Records for processing =>

╭──

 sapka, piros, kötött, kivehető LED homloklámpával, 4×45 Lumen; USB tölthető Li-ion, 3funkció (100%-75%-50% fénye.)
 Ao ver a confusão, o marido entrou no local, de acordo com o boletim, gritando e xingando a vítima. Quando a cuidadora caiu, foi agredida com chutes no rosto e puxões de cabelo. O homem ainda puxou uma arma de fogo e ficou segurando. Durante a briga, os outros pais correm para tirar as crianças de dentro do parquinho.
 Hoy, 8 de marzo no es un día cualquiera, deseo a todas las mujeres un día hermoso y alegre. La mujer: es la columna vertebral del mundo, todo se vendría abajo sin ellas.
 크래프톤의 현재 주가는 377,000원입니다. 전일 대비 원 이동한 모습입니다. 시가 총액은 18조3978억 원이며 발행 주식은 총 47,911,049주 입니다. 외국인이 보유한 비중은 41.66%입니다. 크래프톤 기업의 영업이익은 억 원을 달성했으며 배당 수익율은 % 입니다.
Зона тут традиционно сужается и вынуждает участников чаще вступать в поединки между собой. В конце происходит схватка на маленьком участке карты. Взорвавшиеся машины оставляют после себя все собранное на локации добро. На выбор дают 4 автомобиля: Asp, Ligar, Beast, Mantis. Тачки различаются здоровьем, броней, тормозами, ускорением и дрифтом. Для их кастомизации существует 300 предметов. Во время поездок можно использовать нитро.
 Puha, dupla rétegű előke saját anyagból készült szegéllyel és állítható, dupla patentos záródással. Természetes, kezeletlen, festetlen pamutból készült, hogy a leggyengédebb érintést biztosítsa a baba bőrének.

╰──
╭──

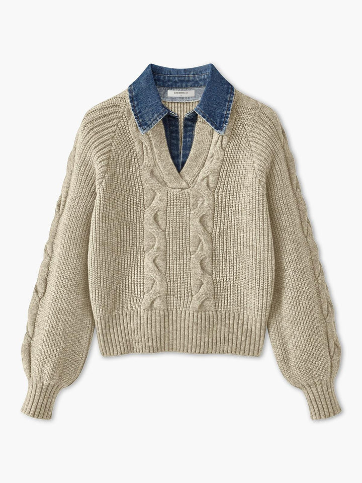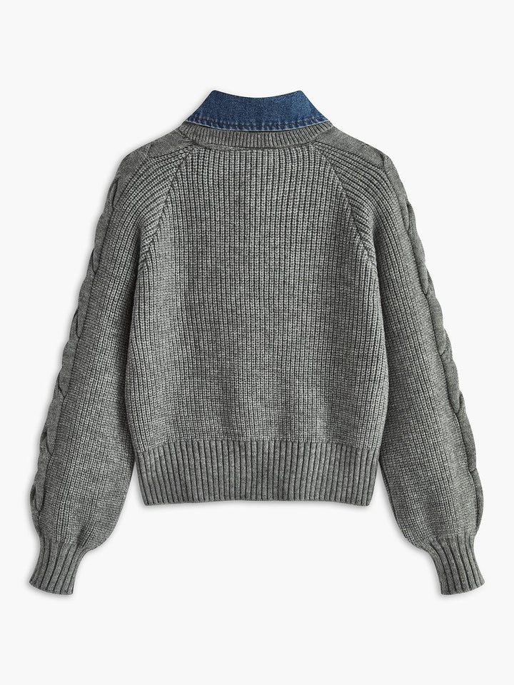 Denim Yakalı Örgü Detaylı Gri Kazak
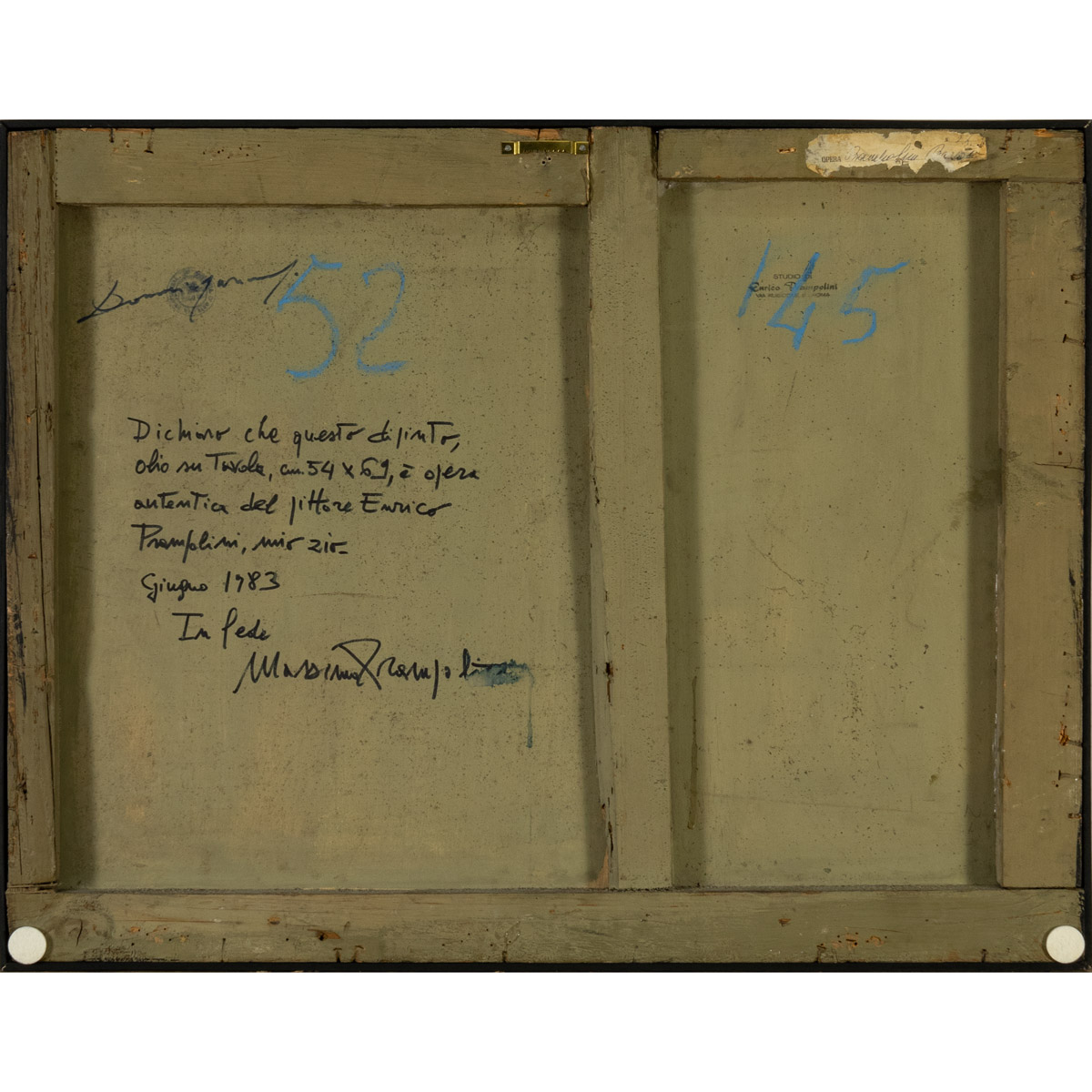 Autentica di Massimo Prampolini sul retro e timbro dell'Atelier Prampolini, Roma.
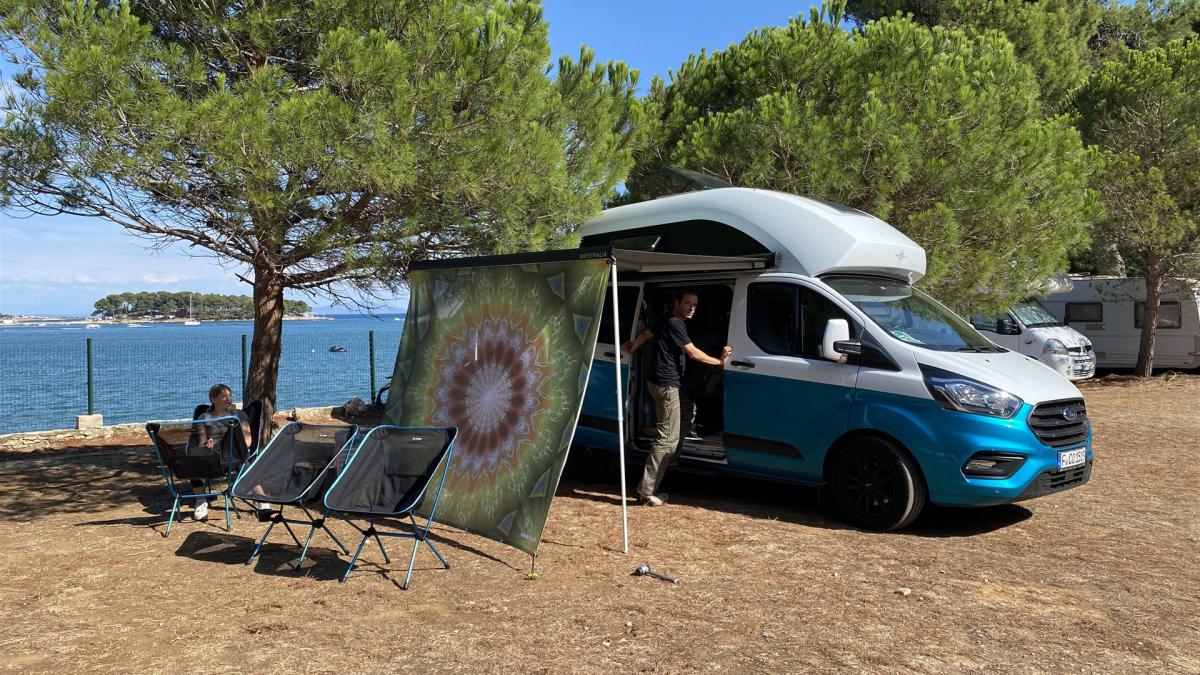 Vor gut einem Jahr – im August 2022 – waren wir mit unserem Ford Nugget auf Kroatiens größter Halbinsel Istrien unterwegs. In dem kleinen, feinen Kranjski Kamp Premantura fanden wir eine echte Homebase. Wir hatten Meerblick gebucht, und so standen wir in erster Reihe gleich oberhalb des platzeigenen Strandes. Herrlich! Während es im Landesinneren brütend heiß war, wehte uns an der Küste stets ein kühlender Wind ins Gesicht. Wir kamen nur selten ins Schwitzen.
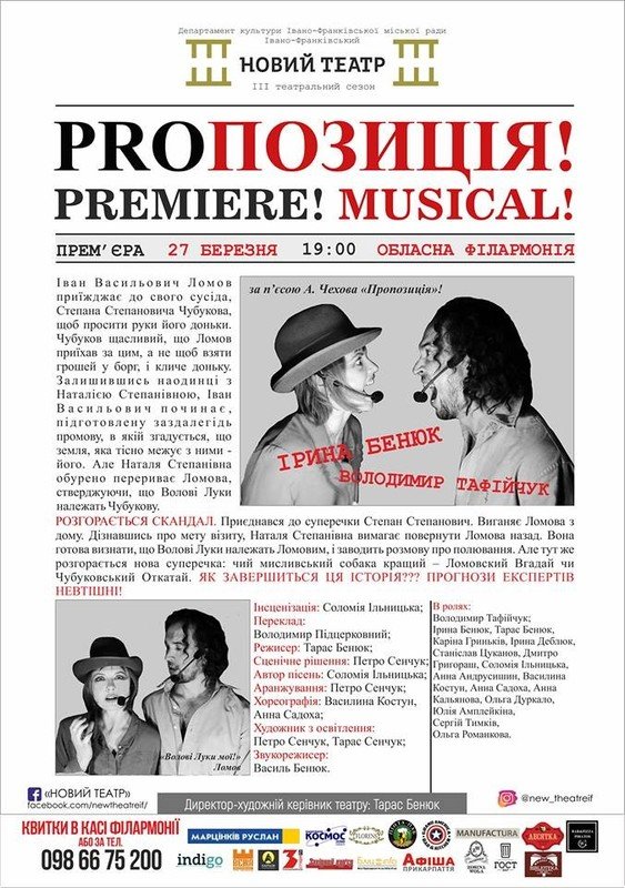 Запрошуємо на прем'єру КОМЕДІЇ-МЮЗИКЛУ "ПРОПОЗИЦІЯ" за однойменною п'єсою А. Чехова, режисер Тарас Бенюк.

╰──

About this task =>
In the listing above, find the line with "Autentica di Massimo" and the line with "Запрошуємо на прем'єру". Copy exactly those lines and all between them, minus the images.

Written answer =>
 Autentica di Massimo Prampolini sul retro e timbro dell'Atelier Prampolini, Roma.
 Vor gut einem Jahr – im August 2022 – waren wir mit unserem Ford Nugget auf Kroatiens größter Halbinsel Istrien unterwegs. In dem kleinen, feinen Kranjski Kamp Premantura fanden wir eine echte Homebase. Wir hatten Meerblick gebucht, und so standen wir in erster Reihe gleich oberhalb des platzeigenen Strandes. Herrlich! Während es im Landesinneren brütend heiß war, wehte uns an der Küste stets ein kühlender Wind ins Gesicht. Wir kamen nur selten ins Schwitzen.
 Запрошуємо на прем'єру КОМЕДІЇ-МЮЗИКЛУ "ПРОПОЗИЦІЯ" за однойменною п'єсою А. Чехова, режисер Тарас Бенюк.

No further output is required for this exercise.